The guarantee you lose in this small time window is that a client may fail to read a value that was written before the read started. Reads could see stale data. Writes are mostly unaffected by clocks except to the extent that the application may write data derived from stale reads.

And I can work out the following detailed scenario to show how write skews happen. Consider this CockroachDB setup:

11 PM

Assume that node1 has a fast clock and node2 has a slow clock. And the clock offset between their clocks exceeds the maximum-offset. The initial value of k1 is k1(T0) = 0. k1(T0) means that k1’s value at timestamp T0 is 0. Txn1 updates k1 to 1. Txn2 reads k1 and updates k2 to the sum of k1’s value and 10.

Here are the details steps:

  1. Client A sends Txn1 to node1 through HAProxy.
  2. Node1 as Txn1’s coordinator assigns its local clock T1 as Txn1’s candidate timestamp.
  3. Txn1 updates key k1 to set k1(T1)=1 on node1. Node1 holds the primary raft replica of the range which contains k1. And node1 is the lease holder for that range.
  4. Node1 commits Txn1 with T1 as the commit timestamp.
  5. Node1 sends Txn1’s result to client A though HAProxy.
  6. Client A sends Txn2 to node2 through HAProxy.
  7. Node2 as Txn2’s coordinator assigns its local clock T2 as Txn2’s candidate timestamp.
  8. Node2 reads k1(T0)=0 instead of k1(T1) from node1 since T1 -T2 > maximum-offset.
  9. Txn2 updates key k2 to k1(T0)+10=10 on node2. Node2 holds the primary raft replica of the range which contains k2. And node2 is the lease holder of that range.
  10. Node2 commits Txn2 with T2 as the commit timestamp.
  11. Node2 sends Txn2’s result to client A through HAProxy.

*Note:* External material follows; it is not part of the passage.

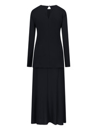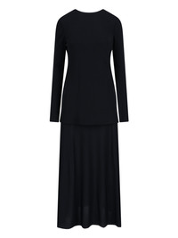 JIL SANDER FLARED MIDI DRESS IN BLACK VISCOSE BLEND LAYERED DESIGN, CREW NECK, SINGLE BUTTON CLOSURE AT THE BACK, FLARED HEM. PRODUCT INFO PRODUCT CODE J04CT0110 J65016001 COMPOSITION: 82% VISCOSE, 18% POLYAMIDE SIZE AND FIT: REGULAR FIT MADE IN: ITALY

Write skew happens in the above steps since Txn2 updates k2 with the stale value of k1. Is my scenario correct?

But @bdarnell in Issue 1303 uses lease expiration to illustrate stale reads and write skews. This is how Ben describes stale reads?

If one node with a slow clock holds the lease for a range, it could expire and a node with a fast clock could acquire it and start making writes while the slow node still thinks its lease is valid and continues to serve reads.

This is how Ben describes write skews?

Node A has a slow clock, and it has a lease that expires at 12:00:00. It believes the current time is 11:59:59, so its lease is still valid. Node B has a fast clock, so it believes that the current time is 12:00:01 and node A’s lease is expired. Node B will try to acquire a lease (and if node C also has a fast clock, this lease will be granted). Node A will keep serving reads even as nodes B and C are serving new writes.
Write skew would happen if you had two transactions that each did a read then a write, and their reads saw inconsistent results because of the above issue.

So there are two kinds stale reads caused by clock drift. One involves lease expiration. One does not. Is my understanding correct?

Yes, in this context that’s what write skew means. (Write skew is also a transactional anomaly that can be present when using SNAPSHOT isolation instead of SERIALIZABLE).

Yes, but you also have to consider that only one node can have the lease for a key at a time. For this scenario to happen, you need to add the following:

  • 0.1: node 2 initially has the lease for the range containing k1
  • 0.2: because node 1 has the faster clock, it thinks node 2’s lease is expired, so it takes over the lease.

Then at steps 6-8, node 2 with its slow clock believes its old lease is still valid, so it serves reads from T1. If node 2 had never held the lease, it would simply redirect the request to the leaseholder, node 1.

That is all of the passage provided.